_What is expected_: Transcribe the listing verbatim, please, with images dropped.

_Data segment_:
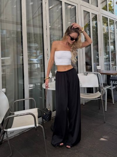 Самі актуальні кольори сезону. Штани мають середню посадку, тоненький не масивний пояс, вільний крій без бокового шва. Тканина мʼяка та приємна до тіла.
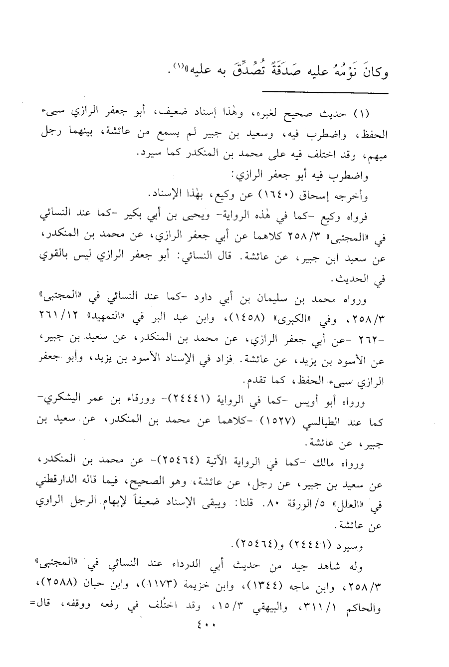 (١) حديث صحيح لغيره، وهذا إسناد ضعيف، أبو جعفر الرازي سيىء الحفظ، واضطرب فيه، وسعيد بن جبير لم يسمع من عائشة، بينهما رجل مبهم، وقد اختلف فيه على محمد بن المنكدر كما سيرد.
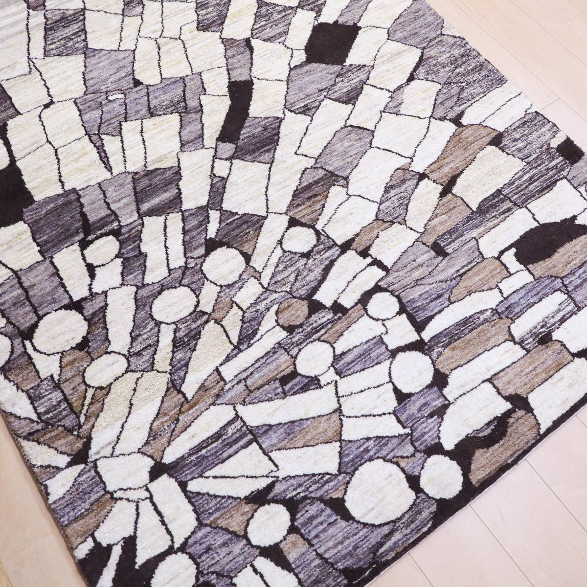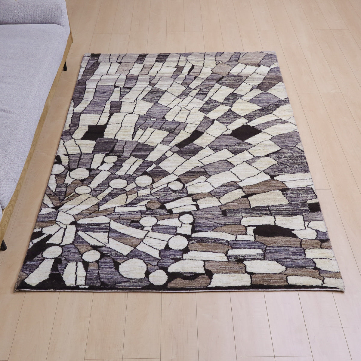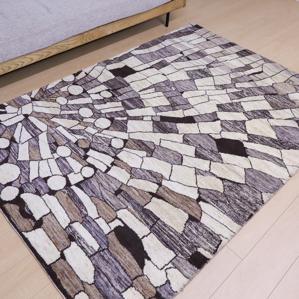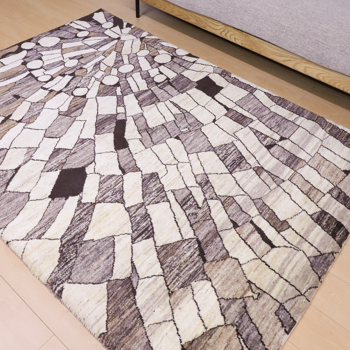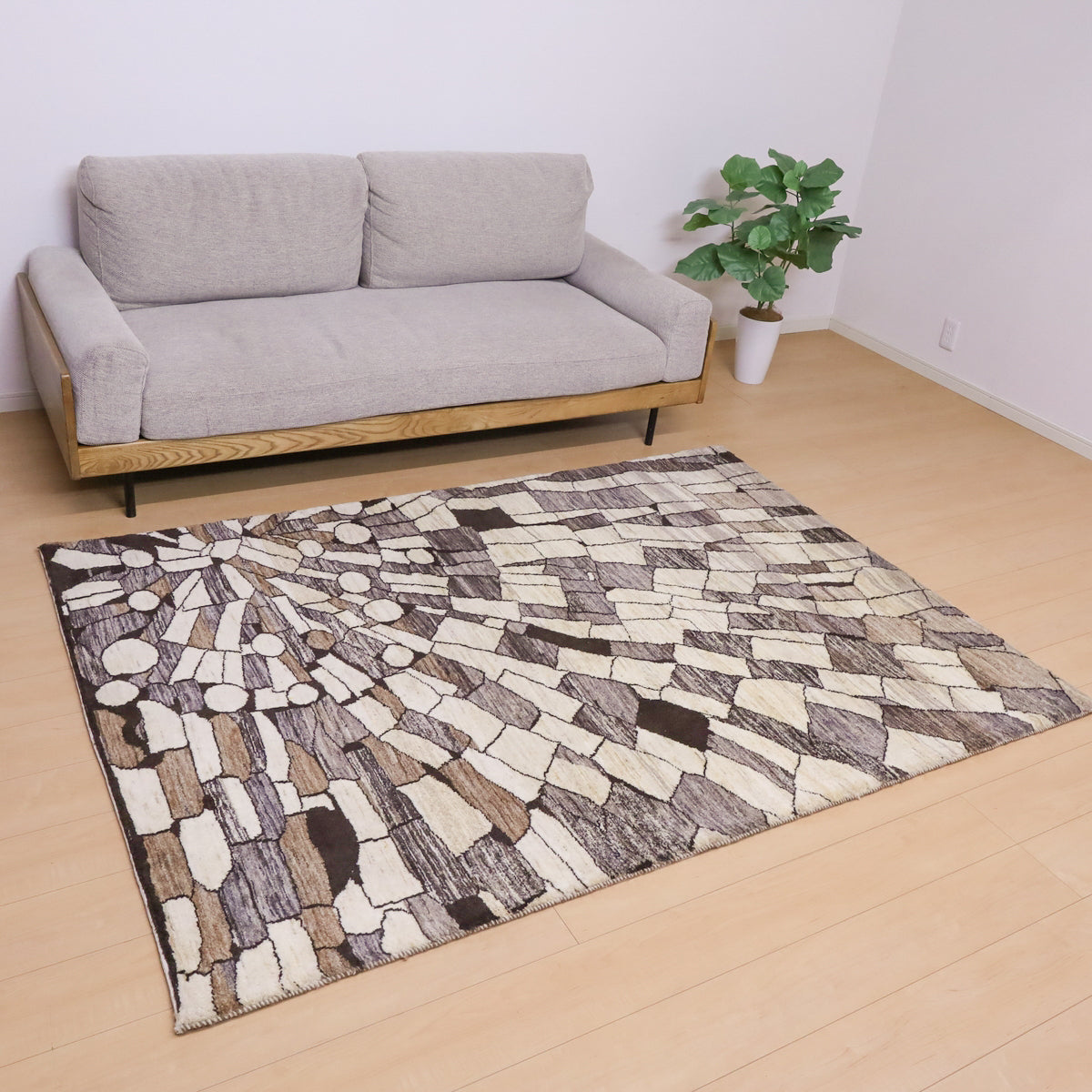 茶やグレー、ベージュ、生成りなどの、石畳を思わせるランダムな模様が印象的。全ての色は羊の毛色をそのまま活かした無染色の羊毛を使用して、天然素材の雰囲気が大きく感じられます。個性的なデザインでありながら、さりげない上品さも感じられる、敷く場所を選ばず使えるギャッベです。

_Answer for the task_:
 Самі актуальні кольори сезону. Штани мають середню посадку, тоненький не масивний пояс, вільний крій без бокового шва. Тканина мʼяка та приємна до тіла.
 (١) حديث صحيح لغيره، وهذا إسناد ضعيف، أبو جعفر الرازي سيىء الحفظ، واضطرب فيه، وسعيد بن جبير لم يسمع من عائشة، بينهما رجل مبهم، وقد اختلف فيه على محمد بن المنكدر كما سيرد.
 茶やグレー、ベージュ、生成りなどの、石畳を思わせるランダムな模様が印象的。全ての色は羊の毛色をそのまま活かした無染色の羊毛を使用して、天然素材の雰囲気が大きく感じられます。個性的なデザインでありながら、さりげない上品さも感じられる、敷く場所を選ばず使えるギャッベです。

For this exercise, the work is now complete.